The policy is the result of two years of discussions and research into drug testing in the district, said Superintendent Jeff Brown, adding that the policy is broader than simply drug testing.
The district also is implementing a new drug-abuse educational program for students in kindergarten through 12th grade with “heavy parent involvement,” as well as implementing programs aimed at reducing stress and anxiety, which Brown said can be a root cause of substance use.
District officials aren’t going into specifics about what types of drugs students will be tested for, but did say it will include both drugs and alcohol.
The results of a student’s first random drug test will be delivered only to the student’s parents or guardians, not school officials. If a student tests positive for substance use, the student and parents can ask the district for help finding counseling options without penalty to the student.

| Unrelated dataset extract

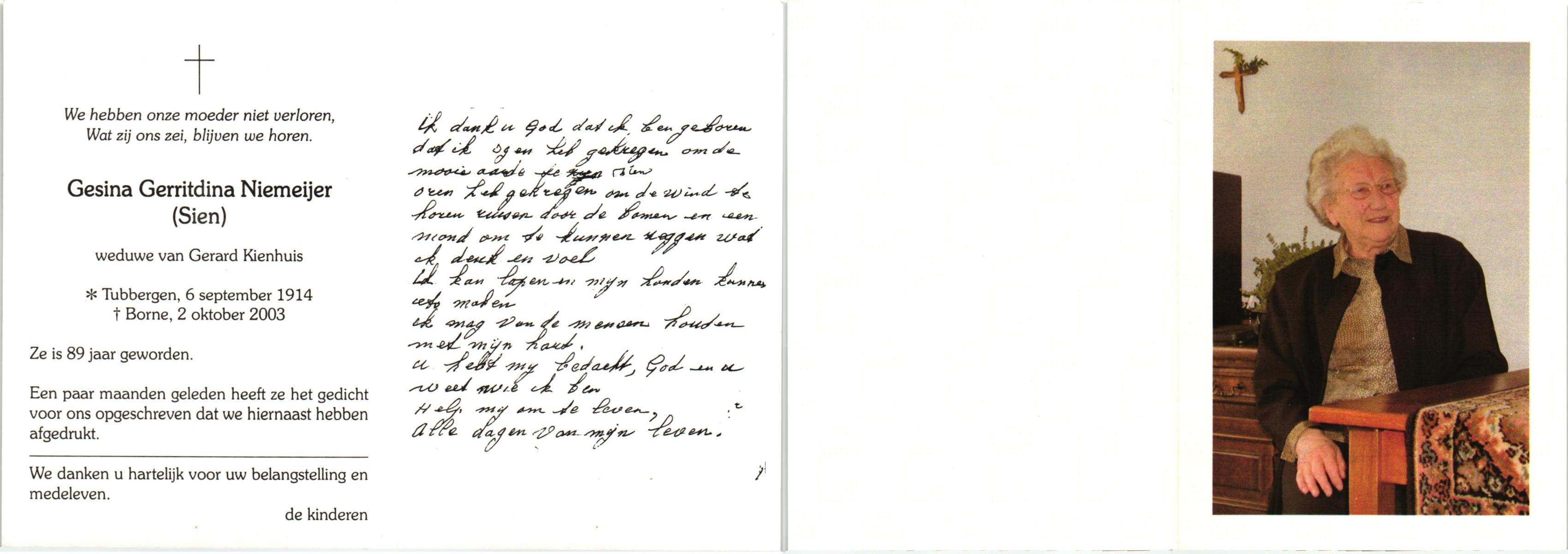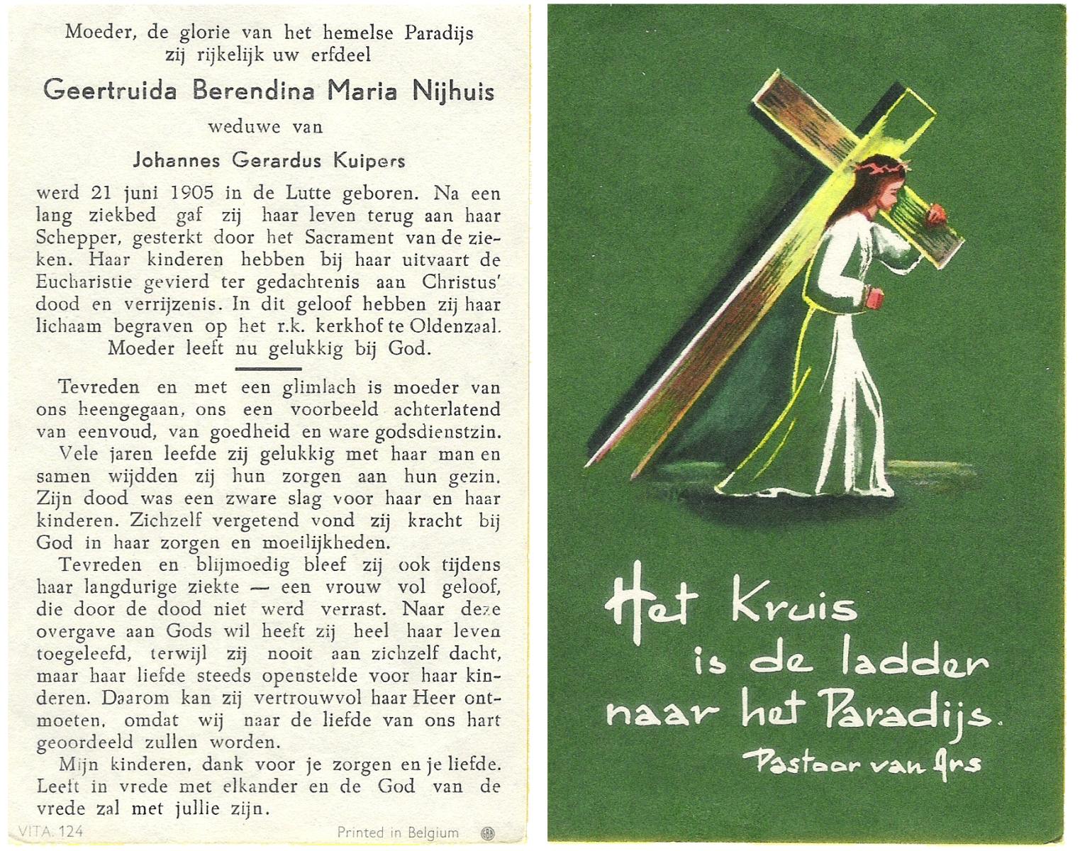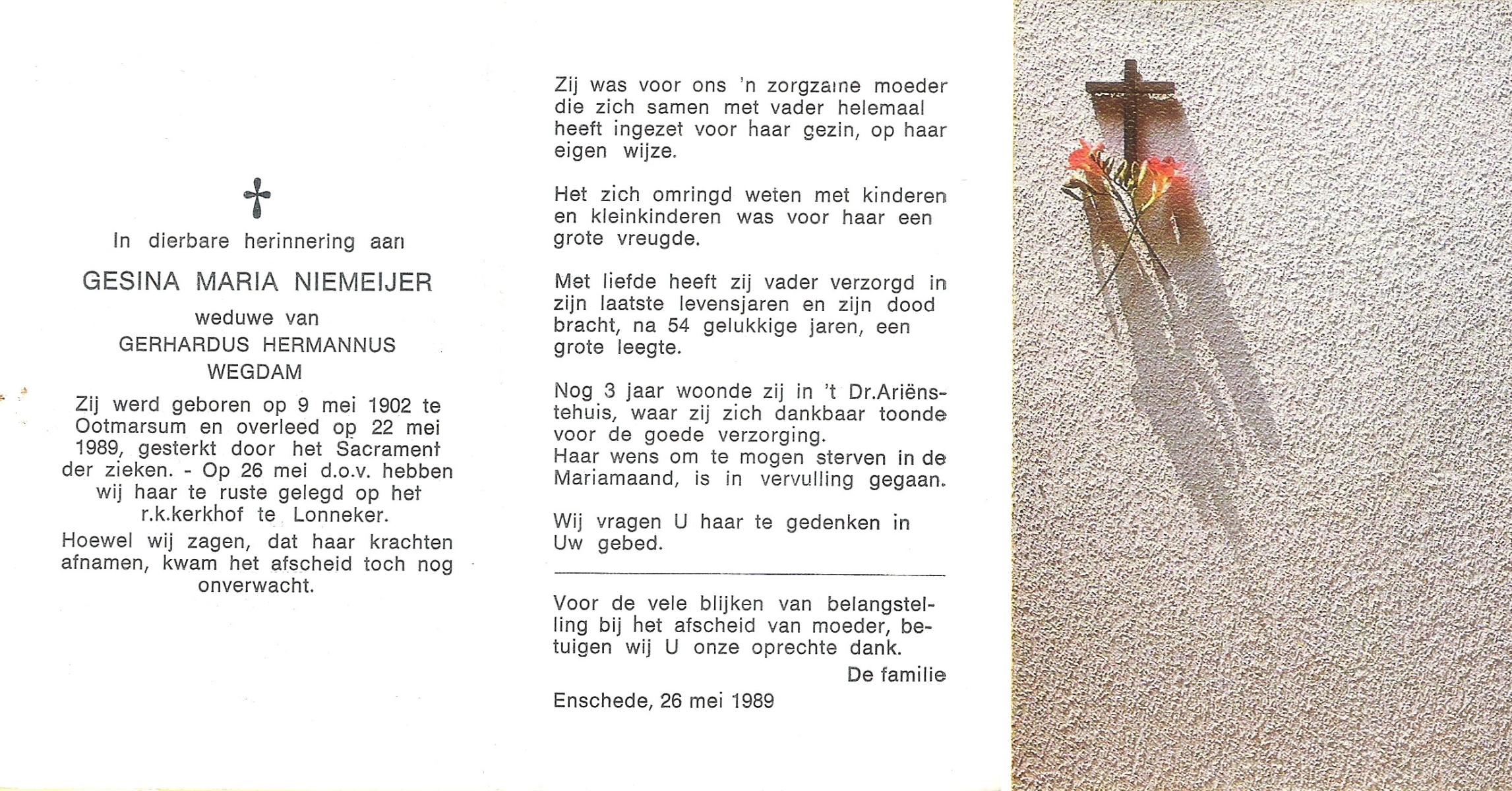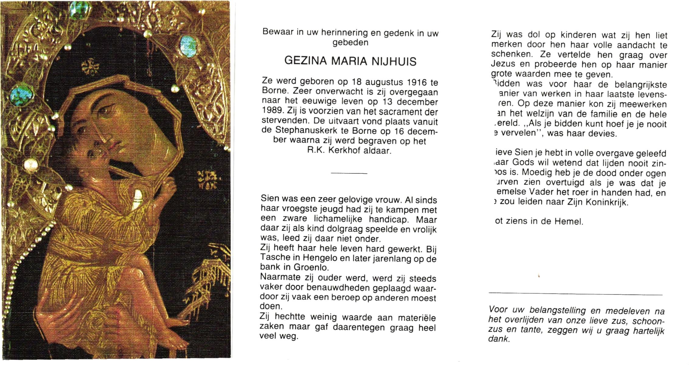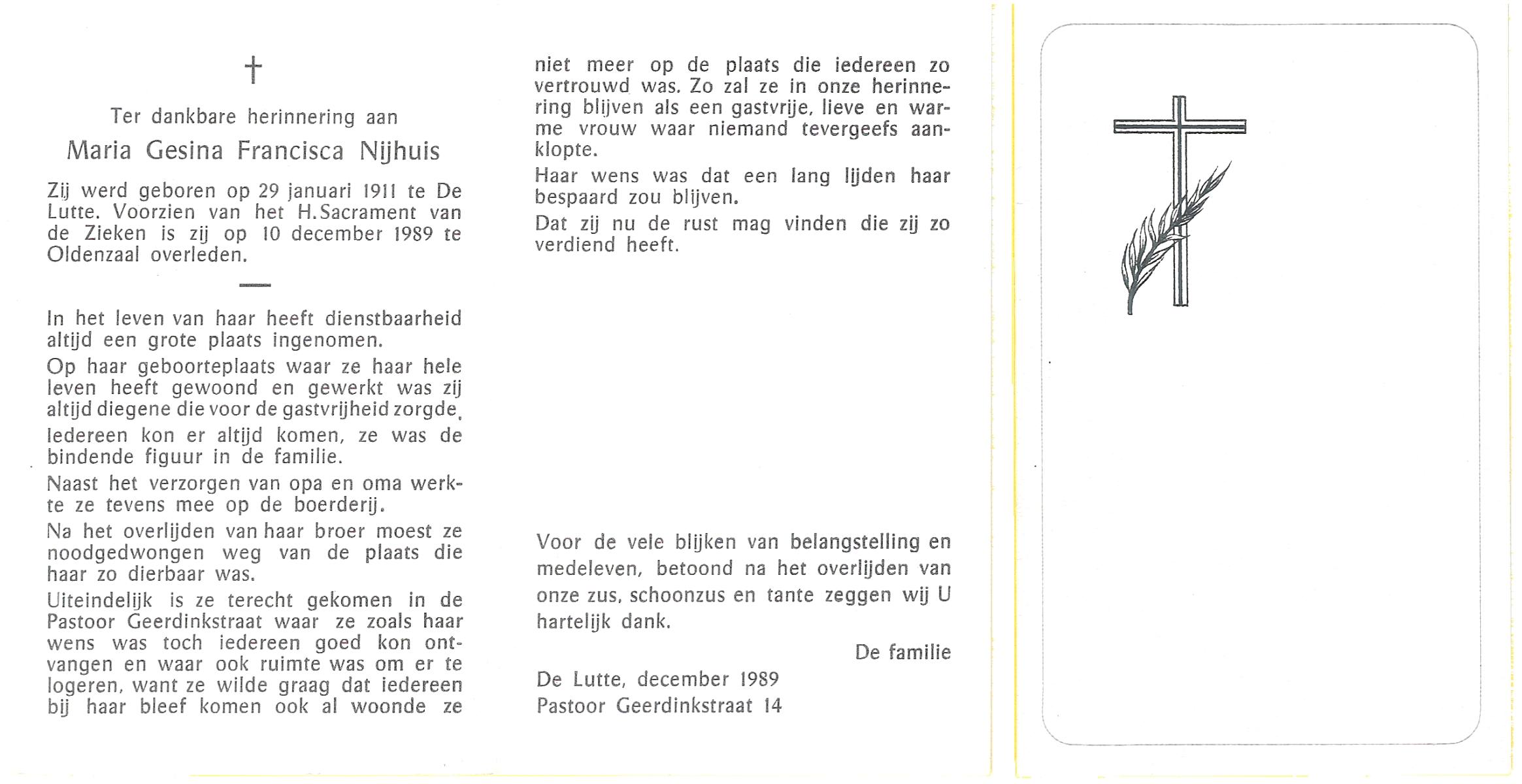 NIJHUIS, Maria Gesina Francisca, geboren op 29-1-1911 te De Lutte, overleden op 10-12-1989 te Oldenzaal op 78-jarige leeftijd.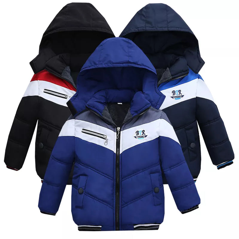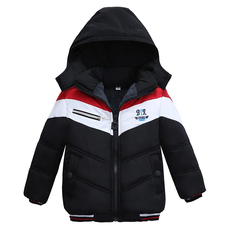Bebê menino inverno jaqueta de algodão carta impressão mais veludo quente com capuz acolchoado casaco engrossado 2-5 anos de idade beibei roupas de qualidade

Once a student tests positive, he or she will be placed in a random testing selection process for at least two additional tests. If a student tests positive in a follow-up test, he or she will be denied participation in 50 percent of the extracurricular season or event, or 25 percent if the student completes a drug/alcohol treatment program.
A third positive test results in denied participation for one full extracurricular activity season, or 50 percent of the season if a student completes the drug/alcohol treatment program.
Parents and guardians have the ability to opt their students out of the program. They also can opt their students into the program even if they don’t participate in extracurriculars.
To pay for the program — the drug testing, as well as the educational components across grades — the high school will charge student drivers a $40 parking fee for the school year.
“We wanted to be fiscally responsible with taxpayer dollars and this could be a funding mechanism we could apply to offset the cost,” Brown said.
Brown wouldn’t say how much it will cost to drug test students, but said it depends on which drugs are tested for, how frequently the district tests and how many students it tests.
District officials have discussed ranges for each of those categories, Brown said, but added, “We’re not necessarily communicating those broadly.”
As Granville developed its policy, officials reached out to other nearby school districts, including Licking Valley and Heath, that already have drug testing programs in place.
It’s difficult to say how effective Heath’s drug testing policy has been in deterring student substance use, said Superintendent Trevor Thomas. The district has been drug testing for at least 10 years, he said.
“Kids know that we test, and so it does affect their behavior a little bit,” he said. “How much, I don’t know.”
The district hopes that by having the policy in place, it gives students an excuse to say no to drugs or alcohol when they find themselves facing peer pressure, Thomas said.
“We always hope that’s the case, that we give an excuse for those kids who are on the fence,” Thomas said. “They can always say, ‘I can’t; I (could) get tested any time.’”
There were parents and students who spoke out against Granville’s policy at board meetings. Some said the policy infringes on students’ and parents’ rights and privacy, that it will drive students away from extracurriculars and that it’s too punitive.
“The board kind of knew going into this conversation that it would be somewhat polarizing,” Brown said. “The feedback they’ve received aligns with that. People have very strong feelings on both sides of this conversation.”
Vince Ghiloni, who served as Granville’s head baseball coach for nine years, sat on the committee initially assembled by the district two years ago to explore drug testing. He was one of the first people in the district to push for such a policy.
“I’ll admit, the research (on drug testing) is very inconclusive, both ways,” Ghiloni said. “For me, it’s simply what the kids told me.”
He said he’s had numerous conversations with students after they graduated about the issue.
“Would it have helped, would it deter them from doing it?” he said. “The answer was almost emphatically yes.”
Granville’s policy will be in effect for three full academic years before it expires.